12 Aralık: Şüpheli şekilde tutuklu bulunduğu cezaevinde yaşamını yitiren Garibe Gezer, hastalığı sebebiyle cezaevinde kalamayacak durumda olan Aysel Tuğluk ve intihara sürüklenen KHK’li sağlık emekçisi Fatma Demirel için Ankara Kadın Platformu açıklama yaptı.
17 Aralık: Süleyman Soylu’nun hedef göstermesinden sonra gözaltına alınıp tutuklananlardan TJA aktivisti Sümeyye Gök, çıplak arama ve psikolojik işkenceye maruz kalarak, tecavüzle tehdit edildi. Gök’ün avukatı yaşananlara ilişkin suç duyurusunda bulundu.

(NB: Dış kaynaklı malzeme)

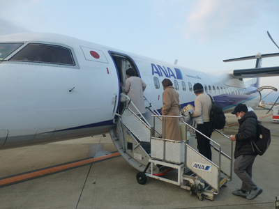 伊丹では、バス連絡はあまり経験ないのだが、今回はプロペラ機でバス連絡。 |

21 Aralık: 68 kadın örgütü cezaevinde olan ve sağlık durumu kötü olan Aysel Tuğluk için dayanışma çağrısı yaparak “Tuğluk’un sağlığıyla ilgili gelişebilecek tüm olumsuz sonuçlardan, ‘cezaevinde kalamaz’ raporunu görmezden gelen idari ve adli makamlar sorumlu olacaktır” dedi.
*Kadın Cinayetlerini Durduracağız Platformu’nun (KCDP) verilerine göre ise, yılın ilk 11 ayında en az 250 kadın erkek şiddeti sonucu yaşamını yitirdi.